> **WHAT THE TASK ASKS**:
Retype, word for word, the line holding "此設計特色: 復古波點圖案,粉紅色背景配上棕色圓點。" and every line below it to the end of the listing. Leave out the pictures.

> **DATA SHOWN**:
::::::

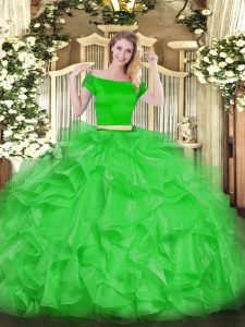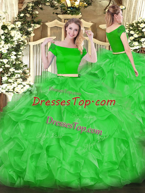 Off The Shoulder Short Sleeves Zipper Sweet 16 Quinceanera Dress Green Organza
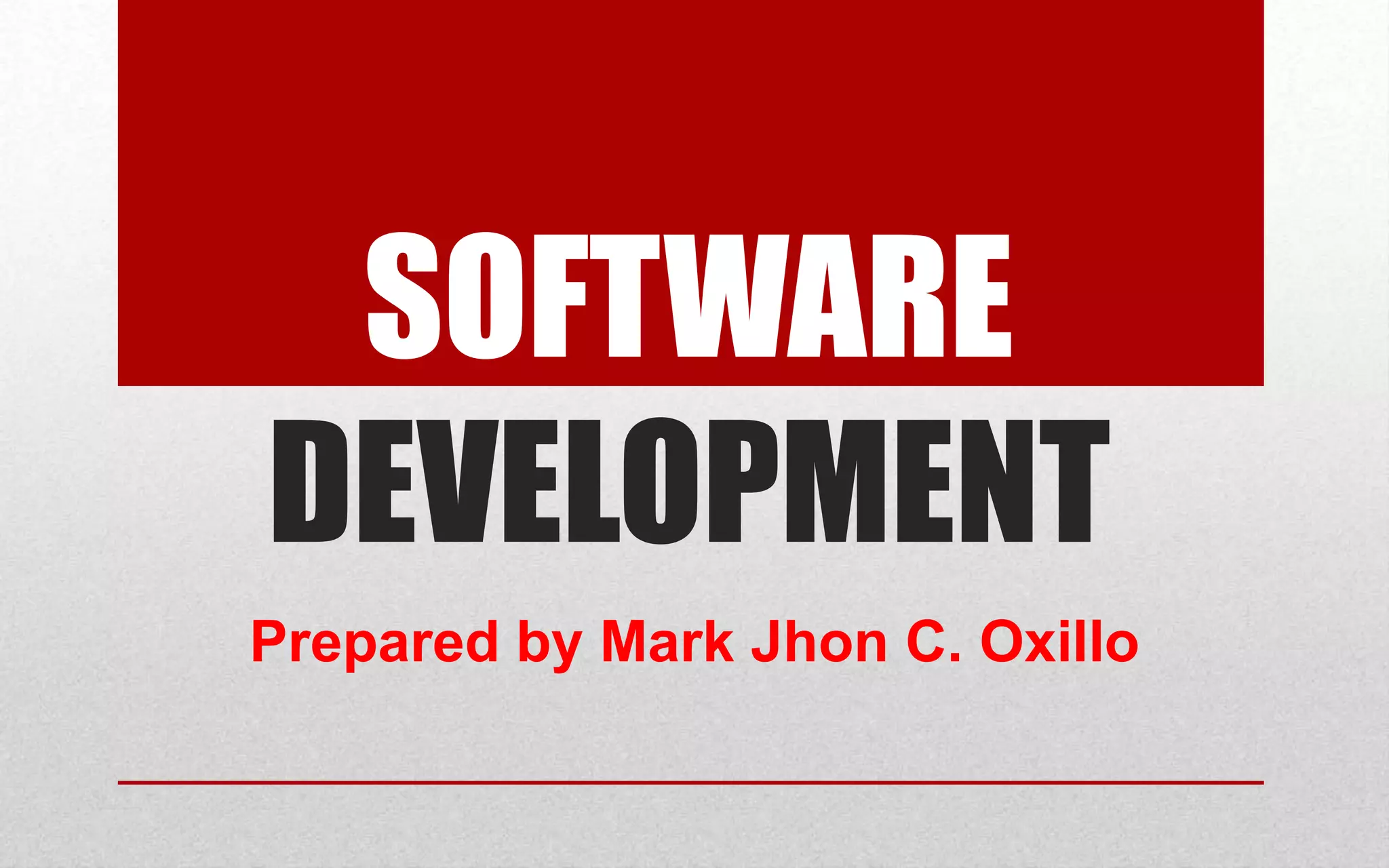 The document discusses key topics in software development including software defects, quality, product liability, development processes, testing methods, maturity models, and quality standards. It describes software development as the process of creating and maintaining applications through conceiving, designing, programming, testing and bug fixing. It also outlines different types of software defects, development roles, methodologies, testing approaches, maturity levels, risks for safety critical systems, and quality management standards like ISO 9001.
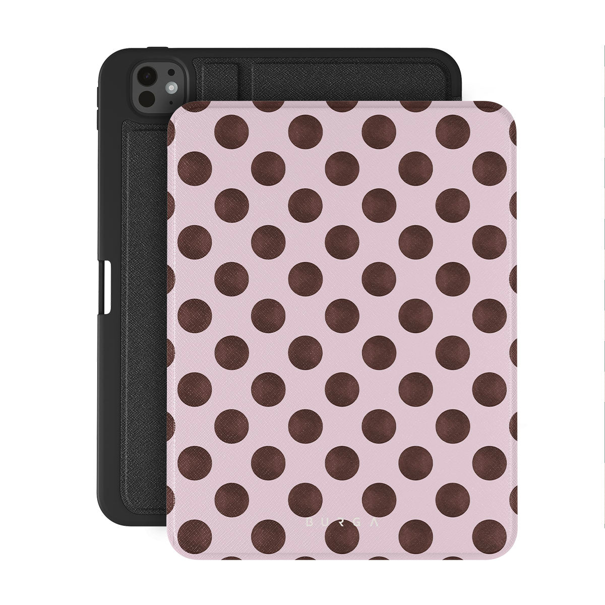 此設計特色: 復古波點圖案,粉紅色背景配上棕色圓點。
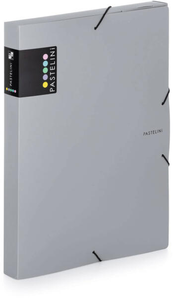Műanyag füzetbox A/4, PASTELINI, pasztell szürke. Méret: 246x326x30mm. Anyaga: polypropylen.

::::::

> **COMPLETED TASK**:
 此設計特色: 復古波點圖案,粉紅色背景配上棕色圓點。
Műanyag füzetbox A/4, PASTELINI, pasztell szürke. Méret: 246x326x30mm. Anyaga: polypropylen.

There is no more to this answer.